--- Required action ---
Range to output from the entries below: the line containing "Każda poduszka kredka" through the line containing "Figure 16 shows". Set it down exactly, ends included, nothing else.

--- Data ---
◆ ◆ ◆

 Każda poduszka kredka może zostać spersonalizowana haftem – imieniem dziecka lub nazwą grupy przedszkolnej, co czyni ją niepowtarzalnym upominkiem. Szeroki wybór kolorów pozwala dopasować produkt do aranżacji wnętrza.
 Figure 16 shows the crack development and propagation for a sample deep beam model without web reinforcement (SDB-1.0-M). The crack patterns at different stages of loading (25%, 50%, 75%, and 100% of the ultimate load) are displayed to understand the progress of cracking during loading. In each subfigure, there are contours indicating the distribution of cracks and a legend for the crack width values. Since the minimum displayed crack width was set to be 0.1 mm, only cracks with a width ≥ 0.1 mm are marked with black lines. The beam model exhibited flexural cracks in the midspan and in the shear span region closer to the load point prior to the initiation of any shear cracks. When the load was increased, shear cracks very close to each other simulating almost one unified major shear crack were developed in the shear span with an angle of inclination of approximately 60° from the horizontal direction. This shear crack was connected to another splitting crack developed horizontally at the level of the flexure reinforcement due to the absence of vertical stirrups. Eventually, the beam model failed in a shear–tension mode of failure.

◆ ◆ ◆

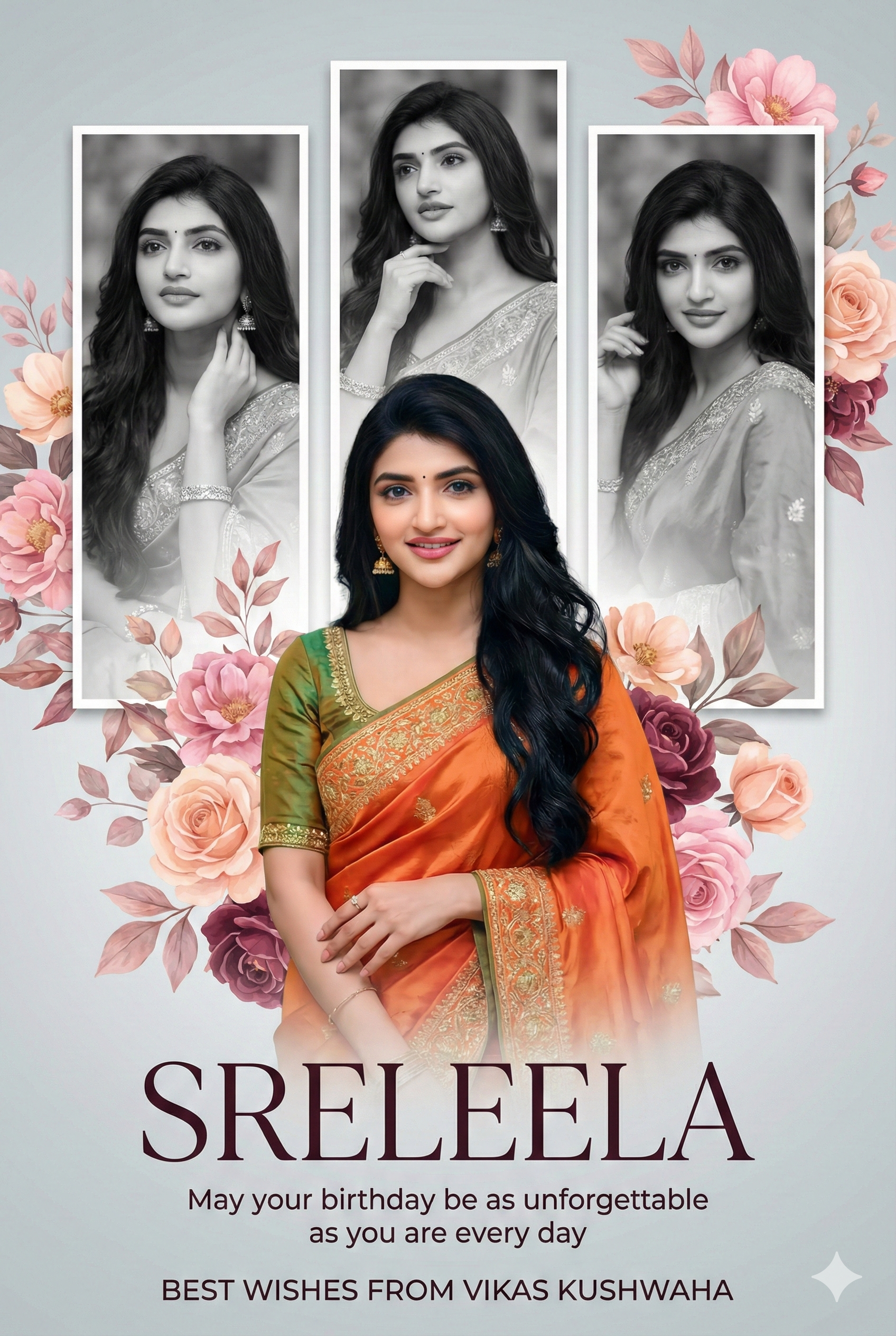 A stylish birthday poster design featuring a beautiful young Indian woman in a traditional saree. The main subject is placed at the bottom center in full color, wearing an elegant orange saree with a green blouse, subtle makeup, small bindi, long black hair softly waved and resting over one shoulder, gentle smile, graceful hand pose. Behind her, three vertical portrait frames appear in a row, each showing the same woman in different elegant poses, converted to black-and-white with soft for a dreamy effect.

◆ ◆ ◆

--- Task output ---
 Każda poduszka kredka może zostać spersonalizowana haftem – imieniem dziecka lub nazwą grupy przedszkolnej, co czyni ją niepowtarzalnym upominkiem. Szeroki wybór kolorów pozwala dopasować produkt do aranżacji wnętrza.
 Figure 16 shows the crack development and propagation for a sample deep beam model without web reinforcement (SDB-1.0-M). The crack patterns at different stages of loading (25%, 50%, 75%, and 100% of the ultimate load) are displayed to understand the progress of cracking during loading. In each subfigure, there are contours indicating the distribution of cracks and a legend for the crack width values. Since the minimum displayed crack width was set to be 0.1 mm, only cracks with a width ≥ 0.1 mm are marked with black lines. The beam model exhibited flexural cracks in the midspan and in the shear span region closer to the load point prior to the initiation of any shear cracks. When the load was increased, shear cracks very close to each other simulating almost one unified major shear crack were developed in the shear span with an angle of inclination of approximately 60° from the horizontal direction. This shear crack was connected to another splitting crack developed horizontally at the level of the flexure reinforcement due to the absence of vertical stirrups. Eventually, the beam model failed in a shear–tension mode of failure.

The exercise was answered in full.